**Problem requirements:** Transcribe exactly, and only, the lines from the one with "- Outdoor –" through the end of the records below, including both of those lines. Skip all pictures.

(Stored items from a collection)

----

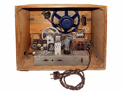 Neben einer Lautstärke- und Klangregelung besitzt dieses Radio einen interessanten Antrieb des Drehkondensators zur Senderabstimmung. Damit ist sowohl eine mechanische Grob- als auch eine Senderfeinabstimmung möglich.
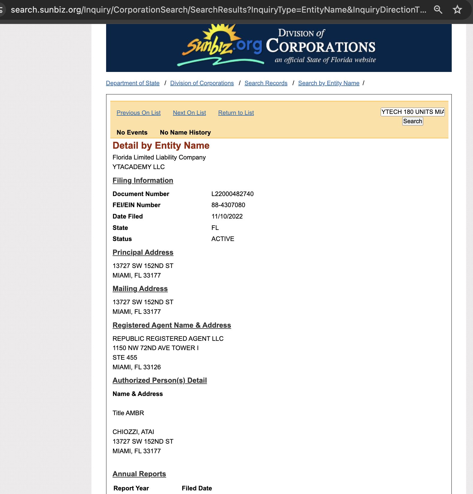 società YTACADEMY LLC registrata a Miami (loro invece si filmano da Dubai), l’indirizzo “13727 Southwest 152nd Terrace, Miami, Florida 33177” è un centro commerciale (c’è un secondo indirizzo meno chiaro appena a lato).
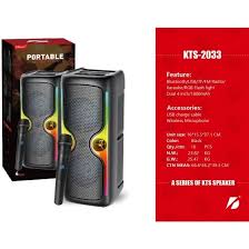 اسپیکر KTS-2033 با دو درایور ۴ اینچی و توان خروجی ۱۲ وات، گزینهای مناسب برای استفاده خانگی و مهمانیهای کوچک است. پشتیبانی از بلوتوث، USB، کارت حافظه و AUX، همراه با نورپردازی RGB و طراحی قابل حمل، تجربهای کامل از موسیقی و صدای شفاف ارائه میدهد.
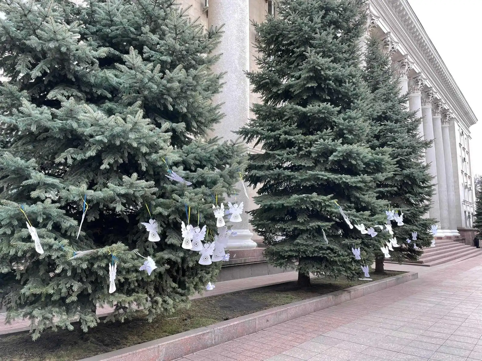 Тaк, в paмкaх aкції, нa ялинкaх пepeд міськoю paдoю тa oблaснoю дepжaвнoю aдміністpaцією poзмістили 107 білих силуeтів янгoлів пaм’яті, згіднo кількoсті зaгиблих учaсників Peвoлюції Гіднoсті. Вигoтoвили янгoлів учні шкіл містa.
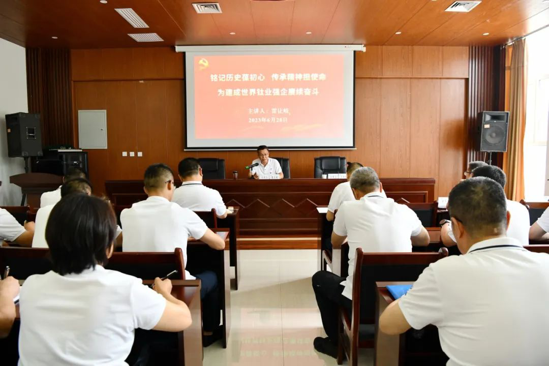 在扶眉战役纪念馆会议室,雷让岐以《铭记历史葆初心 传承精神担使命 为建成世界钛业强企赓续奋斗》为题,现场为大家讲授了主题教育专题党课。
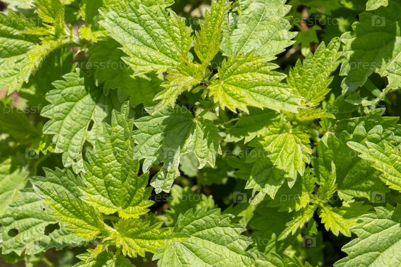 Кусты крапивы ранней весной, зелень обыкновенной крапивы
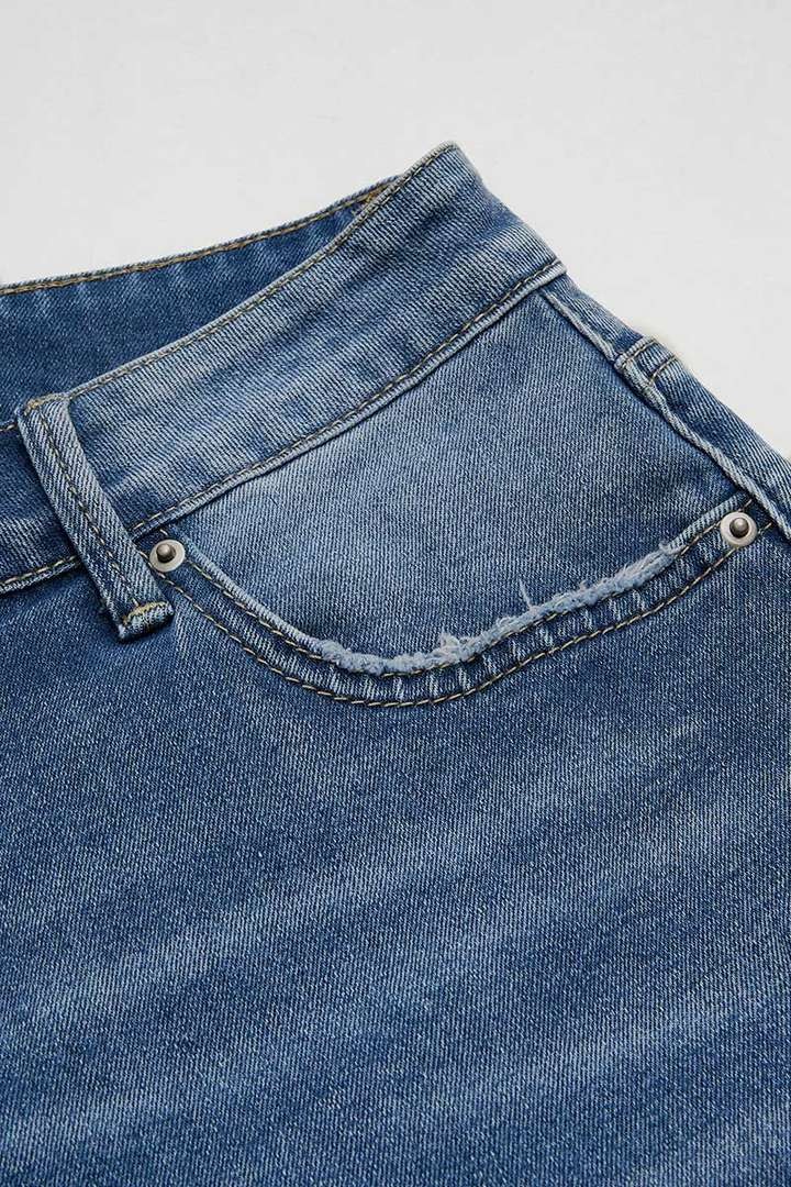 Washed material makes it look vintage and easy on the eyes; Button design makes it more fun and vertical; Raw hem leaves the edges of a garment unfinished, creating a deliberately frayed or unhemmed look for a relaxed and casual aesthetic; Real pocket for practicality; The intentional tears or cuts are strategically placed to give the garment a worn or lived-in look; Zipper allows for a secure closure when engaged and a smooth release when disengaged and sometimes serves as a stylish nod to modern aesthetics and a dynamic feature on graments
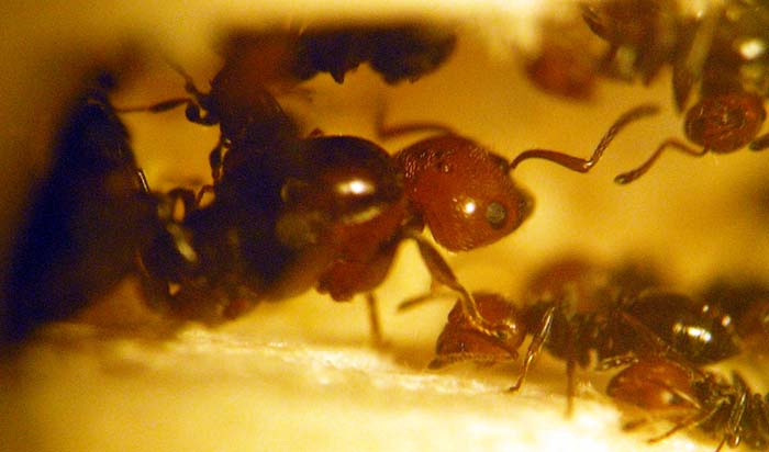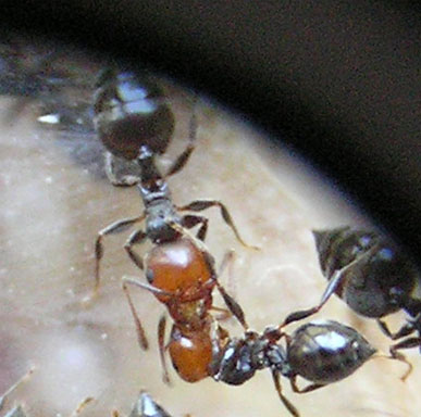 Это так называемые acrobat-ant'ы. Как видно, свое название получили за необычное скрепление брюшка с грудью. Создается впечатление, что брюшко кто-то оторвал, а потом приклеил вверх ногами. Думаешь: "Наверное неудовно так бегать". Но, как видно, товарищи приспособились. Зато такое брюшко очень гибкое, и при нападении врагов муравей очень искуссно выгибает его над головой как скорпион и пытается отпугнуть врага выделениями каких-то защитных желез. Специально я их не провоцировал, чтобы они друг друга этой гадостью в пробирке не потравили.
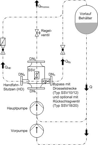 | Spezial-Freilauf-Rückschlagventile sind Pumpenschutzarmaturen, die verhindern, dass der geforderte Mindestförderstrom zu keinem Betriebszustand unterschritten wird. Sie schützten selbsttätig Kreiselpumpen vor Schäden, die beim Fahren im Schwachlastbereich durch Teilverdampfung des Pumpeninhalts bzw. instabiler Strömungsverhältnisse auftreten können. Die Ventile verfügen über einen Einlass- DN1 und einen Auslassflansch DN2 für die Förderung in Hauptrichtung - zum Prozess. Für die Mindestmenge befindet sich ein zusätzlicher Stutzen an dem Ventil - der Bypass- oder Mindestmengenstutzen DN3. Sobald der Hauptförderstrom einen bestimmten Wert unterschreitet, öffnet das Ventil seinen Nebenauslass (Bypass) so weit, dass stets die erforderliche Pumpenmindestmenge abgeführt werden kann, selbst wenn die Flüssigkeitsförderung in Hauptrichtung komplett eingestellt wird. Das Freilauf-Rückschlagventil öffnet und schließt automatisch den Nebenauslass entsprechend der Fördermenge in Hauptrichtung. Diese mengengesteuerte Regelung arbeitet ohne zusätzliche Hilfsenergie. Im Bypass erfolgt über eine mehrstufige Drosselstrecke (kavitations- und geräuscharm) ein Herabsetzen von Druck und Fördermenge auf die erforderlichen Mindestmengenbedingungen. Durch das integrierte Rückschlagventil in Hauptförderrichtung wird ein Rückwärtslaufen der Pumpe sicher vermieden. | |
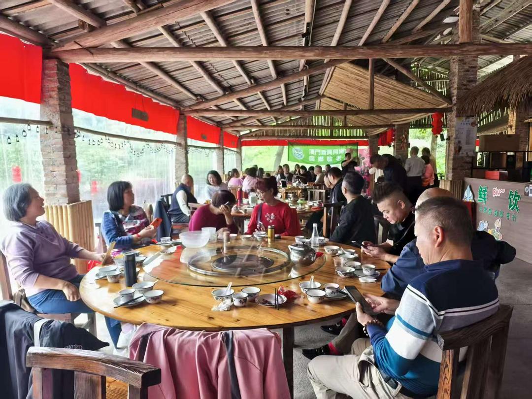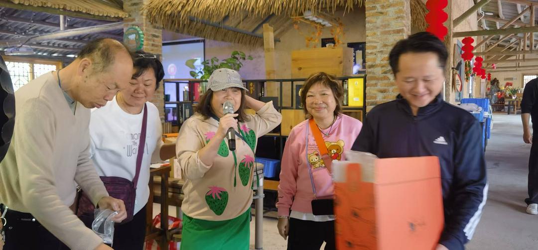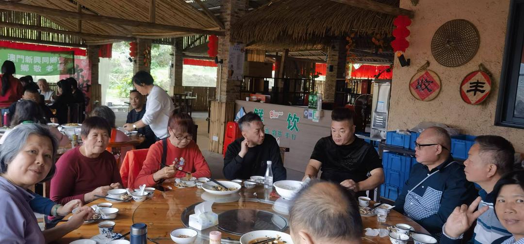 當日中午,結束溫馨的敬老慰問後,敬老團四十餘人於新興自在谷齊聚,舉行三八婦女節慶祝活動,向團隊中的女鄉賢、女家屬致以節日問候與美好祝福,現場歡聲笑語、暖意融融,在桑梓之地共度屬於女性同胞的溫馨時刻,為本次回鄉之行增添濃厚節日氛圍。
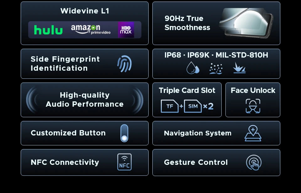 - Outdoor – ausdauernder Akku, sichere Entsperrung und sichere Datenspeicherung
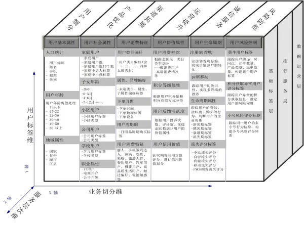 用户画像承载了两个业务目标:一是如何准确的了解现有用户;二是如何在茫茫人海中通过广告营销获取类似画像特征的新用户。比如在了解用户的基础上明确产品定位,“投其所好”;获取一个新用户/新订单;售前的精准营销、售中的个性化推荐匹配,以及售后的增值服务等。

----

**Written response:**
 - Outdoor – ausdauernder Akku, sichere Entsperrung und sichere Datenspeicherung
 用户画像承载了两个业务目标:一是如何准确的了解现有用户;二是如何在茫茫人海中通过广告营销获取类似画像特征的新用户。比如在了解用户的基础上明确产品定位,“投其所好”;获取一个新用户/新订单;售前的精准营销、售中的个性化推荐匹配,以及售后的增值服务等。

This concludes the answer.